Dataset items

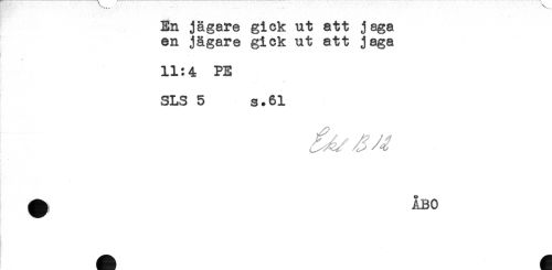 //// En jägare gick ut att jaga //// en jägare gick ut att jaga //// i - //// *. //// 11:4 PE //// SLS 5 s.61 ////
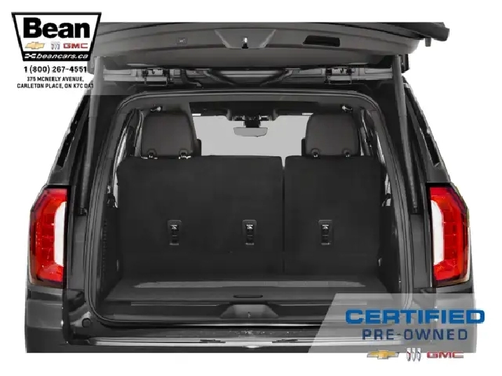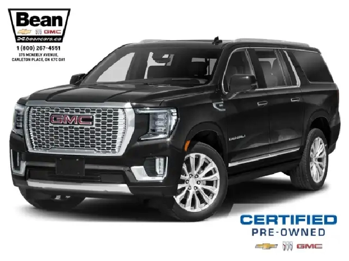This GMC Yukon XL Denali is a one owner trade that comes with a clean Carfax and is nicely loaded to keep you and your passengers comfortable! It has the popular and powerful 6.2L V8 engine, dual pane power sunroof, heated and ventilated front leather seats, heated leather wrapped steering wheel, heated second row bucket seats, wireless charging, head up display, Bose premium speaker system, adaptive cruise control, power retractable assist steps as well as magnetic ride control suspension package and 22 gloss black alloy wheels! Arrive in style and comfort in this GMC Yukon XL Denali!
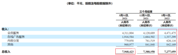 從這張表裏也不難看出,只有會員服務營收是上升的,同比增長 4% ,廣告服務、內容分發收入以及其他收入都在跌。
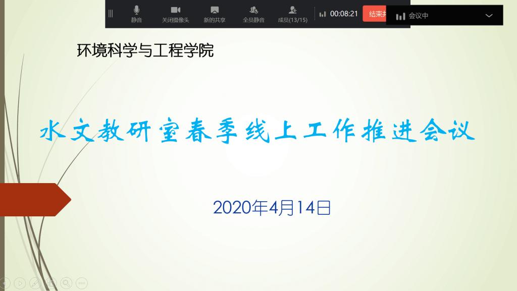 4月14日下午,我院水文学与水资源工程专业召开春季线上工作推进会议,会议由水文教研室主任张帅普老师主持,教研室全部教师参加。
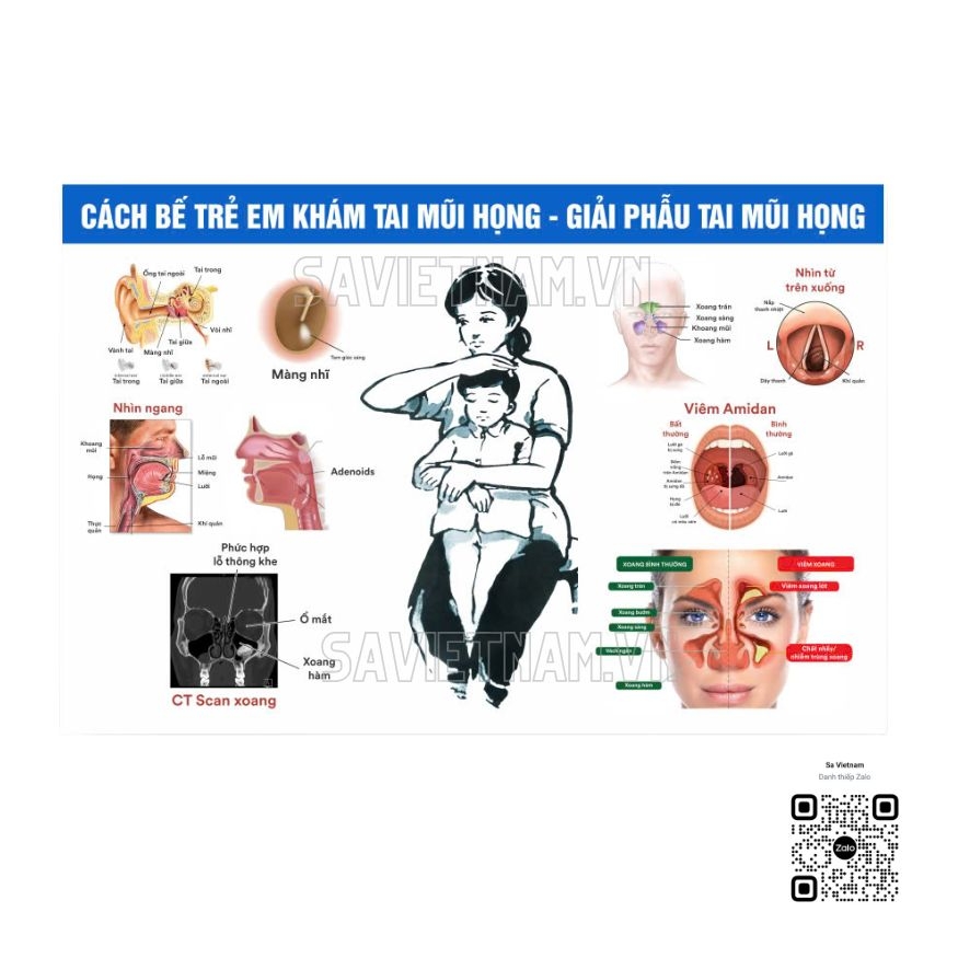 Tranh Cách bế trẻ em khám tai mũi họng (giải phẫu tai mũi họng) chất liệu decal

Task instructions – Write the data above out again exactly, minus its pictures.

Task solution –
 //// En jägare gick ut att jaga //// en jägare gick ut att jaga //// i - //// *. //// 11:4 PE //// SLS 5 s.61 ////
This GMC Yukon XL Denali is a one owner trade that comes with a clean Carfax and is nicely loaded to keep you and your passengers comfortable! It has the popular and powerful 6.2L V8 engine, dual pane power sunroof, heated and ventilated front leather seats, heated leather wrapped steering wheel, heated second row bucket seats, wireless charging, head up display, Bose premium speaker system, adaptive cruise control, power retractable assist steps as well as magnetic ride control suspension package and 22 gloss black alloy wheels! Arrive in style and comfort in this GMC Yukon XL Denali!
 從這張表裏也不難看出,只有會員服務營收是上升的,同比增長 4% ,廣告服務、內容分發收入以及其他收入都在跌。
 4月14日下午,我院水文学与水资源工程专业召开春季线上工作推进会议,会议由水文教研室主任张帅普老师主持,教研室全部教师参加。
 Tranh Cách bế trẻ em khám tai mũi họng (giải phẫu tai mũi họng) chất liệu decal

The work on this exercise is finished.